For Manchester City and Erling Haaland, another fruitless visit to Villa Park. It was not quite last season, when defeat here approaching Christmas was a ninth in a dozen matches, but it was equally painful.
With a minute of regular time to play, Haaland clattered into a post after meeting an inch-perfect cross by Omar Marmoush, having squeezed the ball over the Aston Villa goalline. But the assistant referee raised his flag and, as Haaland lay wincing, a check by the video assistant referee confirmed the goal would not stand. City departed this stadium empty‑handed for a third successive season.
There is sufficiently much more positivity surrounding Pep Guardiola’s side at present but this proved another frustrating trip, Matty Cash’s superbly taken first-half strike ultimately the difference.
For Villa, this was a welcome return to winning ways after a shock Europa League defeat at the mid-table Eredivisie side Go Ahead Eagles on Thursday. After starting the season with a five-match winless run, Unai Emery has now presided over four successive wins in the Premier League and, with his team in eighth, things are looking up before travelling to Liverpool on Saturday.
On his previous visit here Haaland registered 18 touches, just one in the opposition box, and afterwards criticised his own all-round performance. This time he managed 16, recording three in the Villa penalty area, and City’s clearest efforts on goal were tame efforts courtesy of Haaland, who twice saw Emiliano Martínez comfortably gather.
On the hour, at the end of another wave of City pressure, Pau Torres celebrated like he had scored a goal – clenching both of his fists and emitting a roar in front of the North Stand – after his right boot had diverted a Savinho strike over for a corner.
With three minutes of the 90 remaining, the home support cheered in unison as Martínez gobbled up a potentially deceiving deflected shot by Rayan Cherki, one of those players Guardiola called upon to change the course of the game. Cash, the catalyst for Emi Buendía’s superb winner at Tottenham last week, was the out-and-out hero, controlling a first-half corner with his right foot before driving inside and lashing a left-foot strike into Gianluigi Donnarumma’s net with his next touch.
Villa had been vulnerable of late from set pieces but here they prospered from a corner routine perfected on the training ground, even if Buendía’s pass was meant for Morgan Rogers, who failed to connect. Cash took the pace off the ball just outside City’s 18-yard box and then, off-balance, wellied a sweet left-foot strike into the bottom corner. “It’s something we worked on yesterday [on Saturday] in training, but it wasn’t meant for me,” Cash said.
A smile unravelled on the face of Austin MacPhee, Villa’s set-piece coach who was back on the touchline with crutches after sustaining a leg injury on international duty; the Scot, who was absent for Villa’s previous two matches, was appointed this year to Roberto Martínez’s Portugal staff.
For Villa, this was also an afternoon to cherish the work of some of their unsung heroes, none more so than Cash. He did not only prove the matchwinner but he brilliantly shackled Jérémy Doku as well as any full-back can contain a winger as explosive as Doku, at one point celebrating winning a duel after the City substitute whizzed to the byline. Ezri Konsa, now a regular for England under Thomas Tuchel, was superb at centre-back and the one time he played a loose pass into midfield he made amends by extending himself to block Savinho’s subsequent cross.

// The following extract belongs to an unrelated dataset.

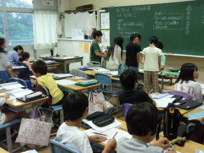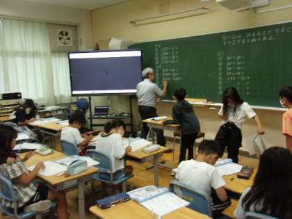 4年生の算数の授業は、2桁のわり算の問題です。計算の考え方を学んだ子どもたちは、問題演習で習熟を図ります。どの子も自信をもって先生のところに見せに行けてないようですが、しっかり復習してマスターしてくださいね。

Amadou Onana probably enjoyed one of his best games in a Villa shirt, ousting Haaland off the ball close to halfway to cheers in the first half and in the closing stages threw himself in the way of a Phil Foden strike as City probed for an equaliser. Ross Barkley, who replaced John McGinn late on, also made an important block.
Cash’s goal was the first time City had trailed since going behind at Brighton in August but it was hard to be too critical of their response. City, in their garish third kit laced with bright blue and yellow which, supposedly, pays tribute to the Mancunian weather, finished up with 18 shots, four on target, three courtesy of Haaland.
The Norwegian’s first chance was probably the most inviting of the trio but, after latching on to Bernardo Silva’s through ball, his shot was too easy for Martínez to read, too close to the goalkeeper. Midway through the second half he headed straight at Martínez after leaping high to meet Foden’s chipped cross. In the penultimate minute of stoppage time another was easily gathered.
City’s third strip is, they say, for those who carry City in their hearts, rain or shine. This was a grey day.